Abstract

We read with great interest the article by Feng et al 2 titled “Metformin Reduces the Incidence of Shoulder Stiffness After Arthroscopic Rotator Cuff Repair: A Randomized, Double-Blinded, Placebo-Controlled Trial”. Their finding of a significantly lower 3-month postoperative stiffness incidence with metformin (11% vs 27%) is promising. We applaud the authors’ efforts to translate an antifibrotic strategy into clinical practice. We appreciate the authors’ contribution, but we would like to raise several points for discussion.

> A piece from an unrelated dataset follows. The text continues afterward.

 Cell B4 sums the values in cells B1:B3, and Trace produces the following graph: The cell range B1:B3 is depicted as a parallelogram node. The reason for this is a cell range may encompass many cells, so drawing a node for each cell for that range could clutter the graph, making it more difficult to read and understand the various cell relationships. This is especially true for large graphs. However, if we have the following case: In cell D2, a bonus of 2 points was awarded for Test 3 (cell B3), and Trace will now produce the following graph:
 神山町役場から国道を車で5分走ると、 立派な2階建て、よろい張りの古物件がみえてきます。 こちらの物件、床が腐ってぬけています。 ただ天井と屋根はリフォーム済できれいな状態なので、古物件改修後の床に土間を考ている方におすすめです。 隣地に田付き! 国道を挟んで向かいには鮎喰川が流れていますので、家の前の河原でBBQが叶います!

First, it is unclear whether the analysis fully adhered to an intention-to-treat (ITT) principle. The trial enrolled 146 patients, yet outcomes were only reported for 126 completers (approximately 14% loss to follow-up). The authors did not detail how missing data were handled or whether any imputation or sensitivity analyses were performed for the 20 patients lost. ITT analysis dictates that all randomized patients be analyzed in their assigned groups, regardless of protocol deviations or dropout, to avoid attrition bias. 1 In contrast, excluding patients with no outcome data (a per-protocol approach) can introduce bias if those patients differ systematically from completers. We encourage the authors to clarify whether and how the 20 missing outcomes were accounted for. Clear accounting for losses to follow-up and use of appropriate methods would strengthen confidence that the reported treatment effect is not overstated by attrition.

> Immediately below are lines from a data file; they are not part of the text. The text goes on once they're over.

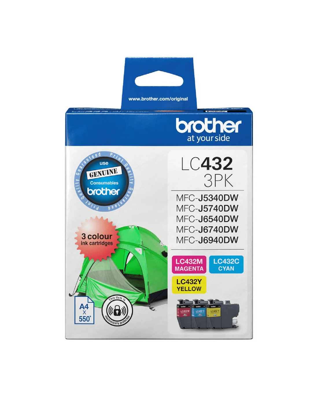 This Brother LC3432 Ink Cartridge Value Pack contains 3 different colour cartridges so you can replace all the coloured ink in your printer in one fell swoop. They each contain high quality ink for vibrant, clear printing results and have a page yield of 550 pages..
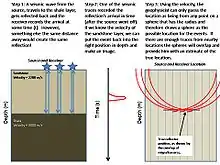The situation is more complex in the case of a dipping reflector, as the first reflection originates from further up the direction of dip (see diagram) and therefore the travel-time plot will show a reduced dip that is defined the “migrator’s equation” :[5]
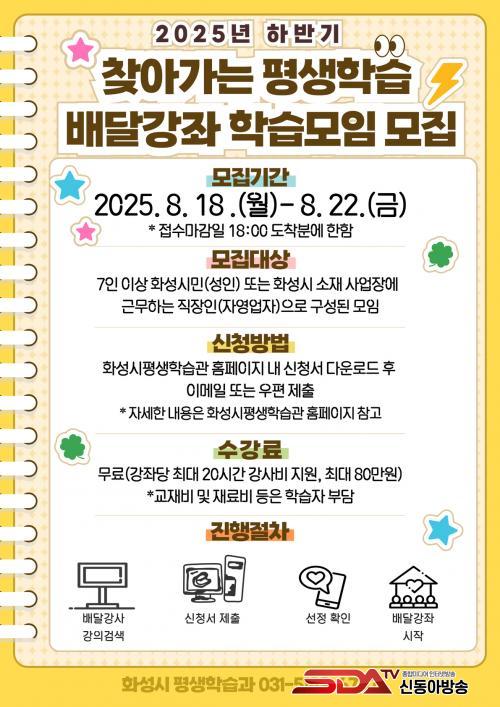 2025³â ÇϹݱ⿡´Â ÃÑ 48°³ÀÇ ÇнÀ¸ðÀÓÀ» ¸ðÁýÇϸç, ¼±Á¤µÈ ¸ðÀÓ¿¡´Â ÃÖ´ë 20½Ã°£ºÐÀÇ °»ç·á°¡ Áö¿øµÈ´Ù. ¼ö°·á´Â ¾øÀ¸³ª, Àç·áºñ¿Í ±³Àçºñ µîÀº ÇнÀÀÚ°¡ ºÎ´ãÇØ¾ß ÇÑ´Ù.
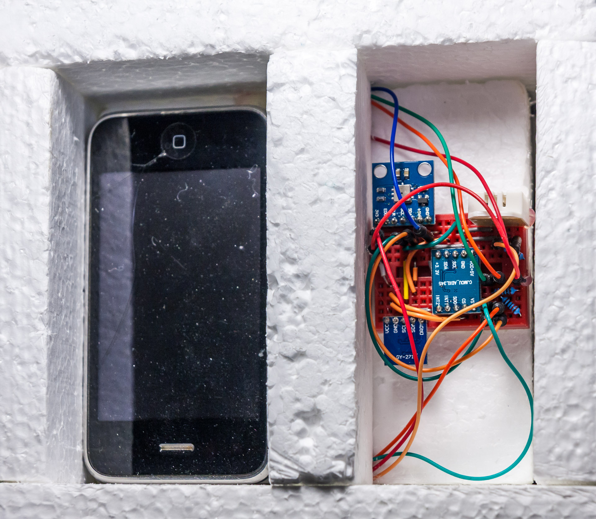 The sensor modules need to be exposed to atmosphere, so they will be housed outside the isolated compartment. So will the phone which needs cell reception in order to provide us with GPS coordinates.

Second, we wonder whether certain perioperative variables might have influenced stiffness outcomes and should be reported or controlled for. The authors describe a standardized surgical technique for rotator cuff repair, but it is not stated whether adjunct procedures (eg, biceps tenodesis or acromioplasty) were performed in some patients. Such procedures may affect postoperative shoulder motion.4,6 We acknowledge that randomization tends to balance known and unknown factors between groups. However, explicit reporting and adjustment for key perioperative variables would further strengthen the interpretation of the observed treatment effect.

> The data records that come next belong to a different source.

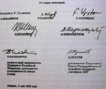 17 лет назад, 5 мая 1994 года, в столице Кыргызстана Бишкеке был подписан Протокол о бессрочном прекращении огня между Нагорно-Карабахской Республикой, Азербайджаном и Арменией. Спустя несколько дней руководители оборонных ведомств Армении, НКР и Азербайджана в совместном письме министерствам обороны и иностранных дел Российской Федерации выразили согласие обеспечить полное прекращение огня с 00 часов 01 минуты 12 мая 1994 года (ксерокопия письма прилагается).
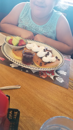Horrible experience all together. I wouldnt ever go back to any of the locations after this experience. My gf ordered the volcano ended up with hair in her scrambled eggs, I ordered the grizz the hashbrowns were burned, the ham steak, sausage and bacon were all cold. The children had the mini volcano which was fine however the cheeseburger basket that showed up was completely wrong and took 40 minutes to replace then my pancakes showed up 5 minutes after that and tasted like grilled onions. The cooks were complianing about the wait staff and swearing in spanish about them while the wait staff was blaming the cooks. The manager did finally give us $10 off the $45 order today after I refused a $10 future visit coupon as we dont live in this town and she said it wouldnt work at another location, while making excuses for the staff. It was a completely unprofessional experience all together.
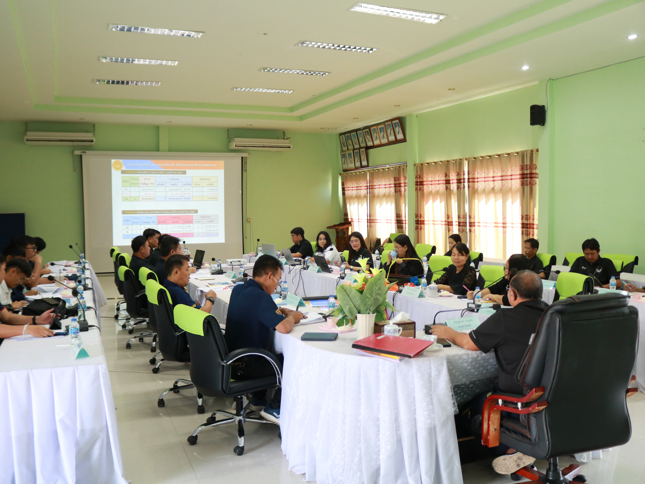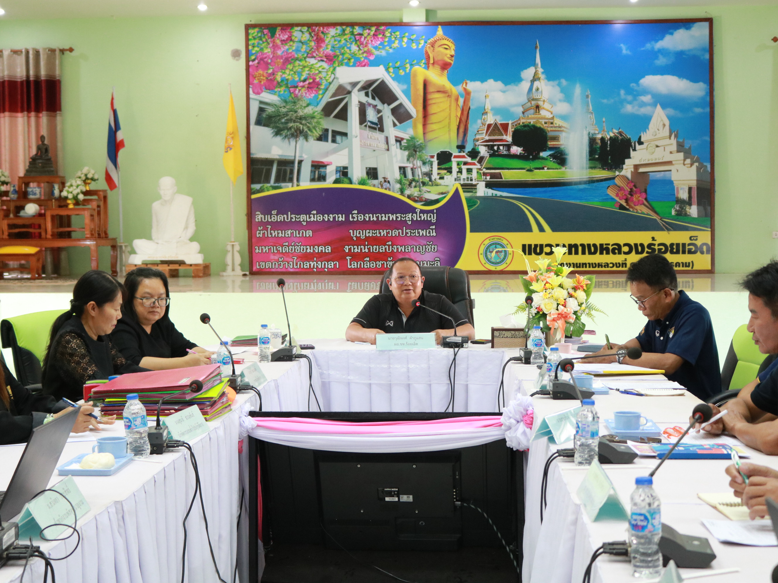 นายวุฒิพงศ์ คำภูแสน ผู้อำนวยการแขวงทางหลวงร้อยเอ็ด พร้อมด้วย นายสถิต คำพิชิต รองผู้อำนวยการแขวงทางหลวงร้อยเอ็ด ฝ่ายปฏิบัติการ ,นางสาวศิวพร เหมือนสีเลา รองผู้อำนวยการแขวงทางหลวงร้อยเอ็ด ฝ่ายวิศวกรรม ,นางรฐา ชำนาญยงค์ รองผู้อำนวยการแขวงทางหลวงร้อยเอ็ด ฝ่ายบริหาร และคณะเจ้าหน้าที่แขวงทางหลวงร้อยเอ็ด ได้ร่วมประชุมประจำเดือนพฤศจิกายน 2568 เพื่อสรุปผลการเบิกจ่ายเงินกัน งบประมาณปี 2568 ,ติดตามการจัดซื้อจัดจ้าง พรบ. 2569 และสรุปผลการดำเนินงาน ปัญหาและอุปสรรคในการดำเนินงาน ณ ห้องประชุมจุลละโพธิ แขวงทางหลวงร้อยเอ็ด
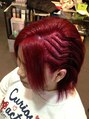 ブリーチ後ワインレッドをONカラーアクセントに片サイドにL字のコーンロウ♪

Third, the study’s use of plasma fibrotic biomarkers to explore the mechanism provides an interesting context, but we urge caution in interpreting these as direct evidence of local shoulder effects. While circulating transforming growth factor-beta and inflammatory cytokines are indeed implicated in fibrosis, their systemic levels may not reflect the microenvironment of the glenohumeral joint capsule. Histopathologic studies of idiopathic adhesive capsulitis (frozen shoulder) demonstrate an inflammatory/fibrotic cascade localized within the joint capsule, with high levels of cytokines such as interleukin-1 beta and tumor necrosis factor alpha driving synovitis and collagen deposition in capsular tissue. 3 In a recent study, specific circulating cytokines associated with shoulder contracture were difficult to pinpoint, underscoring the complex and compartmentalized nature of this pathology. 5 Therefore, we thought that the plasma biomarker differences, while intriguing, should be viewed as hypothesis-generating rather than confirmatory proof of mechanism. Furthermore, multiple biomarkers were assayed, and it is unclear whether adjustments for multiple comparisons were applied. Testing numerous plasma proteins raises the risk of false-positive results if each is evaluated at P < .05 without controlling the family-wise error rate.
Again, we sincerely thank the authors for their contributions.
Footnotes
The authors declared that they have no conflicts of interest in the authorship and publication of this contribution. AOSSM checks author disclosures against the Open Payments Database (OPD). AOSSM has not conducted an independent investigation on the OPD and disclaims any liability or responsibility relating thereto.